Philipp Lahm ist der Kapitän der deutschen Nationalmannschaft, er ist ein schmächtiger Athlet und sieht immer ein wenig so aus, als habe er den Stimmbruch noch nicht ganz überwunden. Aber Lahm ist jetzt 28 Jahre alt, ein gestandener Fußballer, und er hat vor der Europameisterschaft 2012 ein paar wichtige und richtige Sätze gesagt. Im Kern: Die Gesellschaft würde es nicht mehr akzeptieren, wenn 23 Fußballer in ein Land reisen, in dem vieles anders ist als bei uns, und keiner von ihnen sagt etwas dazu.
Lahm hat etwas gesagt, er hat unter anderem den Präsidenten der Europäischen Fußball-Union, Michel Platini, dazu aufgefordert, nachdem sein Verband diese EM an Polen und die Ukraine vergeben hat, nun auch mal das Wort zu Menschenrechten und ethischen Standards zu ergreifen. Der Uefa-Chef hat reagiert, wie man es von viel zu vielen Sportfunktionären gewohnt ist: Er hat Lahm gerüffelt. Und weiter geschwiegen.
Politische Fallstricke
Der Sport bewegt sich mit seinen großen Festen längst auf schwierigem Boden. Selbst in Polen wird inzwischen so getan, als habe man mit der Ukraine zufällig einen Mitausrichter an die Seite gestellt bekommen, mit dem man lieber nichts zu tun haben möchte. Der Umgang mit der einstigen Ministerpräsidentin Julia Timoschenko ist nur einer der Fallstricke, in denen sich der Fußball verfangen kann. Er kann für drei Wochen wie unter dem Brennglas den Blick auf Abzocke, Menschenrechtsverletzungen oder einen Oligarchen-Staat im Staat lenken. Aber woran die Politik bis jetzt gescheitert ist, wird der Sport nicht lösen können.
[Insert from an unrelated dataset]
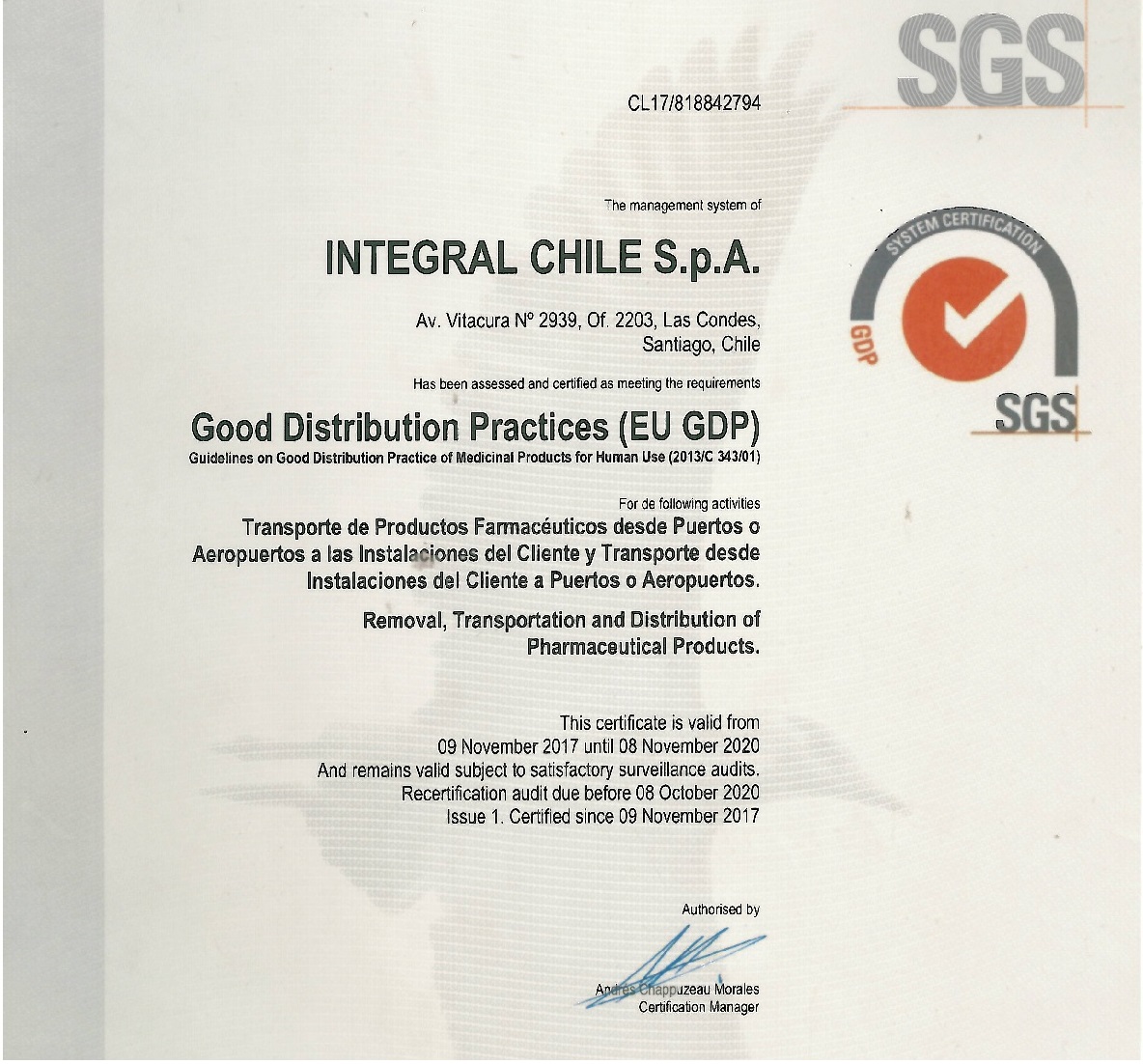 Congratulations to Integral Chile on their new venture and wishing them the best for the future!

Er kann sich nur möglichst achtbar aus der Affäre ziehen. Die Nationalelf taugt da durchaus als Vorbild: Man möchte diese EM genießen und doch moralisch handeln. Was zählt, ist, dass Lahm und Co. im richtigen Moment etwas Richtiges gesagt haben. Europa verschiebt sich jetzt für drei Wochen nach Osten, und Deutschland bewegt sich in Polen wegen seiner geschichtlichen Verantwortung und in der Ukraine zudem wegen seiner moralischen Standards auf besonderem Boden.
Argentinien 1978
Diese Nationalelf ist nicht nur auf dem Platz, sondern auch in ihrem Auftreten – ausdrücklich auch beim Besuch in Auschwitz – ein wunderbares Beispiel dafür, wie sich Dinge verändern können. Was Reformen bewegen können, wenn sie greifen. 1978 noch hat der DFB bei der WM im von einer Militärdiktatur geknechteten Argentinien Nazi-Oberst Rudel eingeladen. Und ein Spieler, man sagt, es sei Berti Vogts gewesen, erklärte später lapidar, er hätte keine politischen Gefangenen gesehen. Heute würde ein Aufschrei durchs Land gehen.
Schließlich aber ist diese EM vor allem eins: Ein großes Fußballturnier, an dem die Menschen ihren Spaß haben möchten. Der Fußball kann die Welt nicht ändern, aber er kann dafür sorgen, dass wir drei Wochen lang den Atem anhalten. Dass wir in einer Zeit zerfallender Milieus ein gemeinsames Gesprächsthema haben, über alle Differenzen hinweg. Drei Wochen lang wird der Begriff Euro – wenn nichts passiert – positiv besetzt sein. Wann hat die Politik, wann hat die Wirtschaft das zuletzt geschafft?
Der Sport hat sich verändert, sicher nicht immer zum Guten. Diese Nationalelf hat sich verändert, neben dem Platz und auf dem Platz. Eines aber ist geblieben: Nun soll sie bitte auch gewinnen.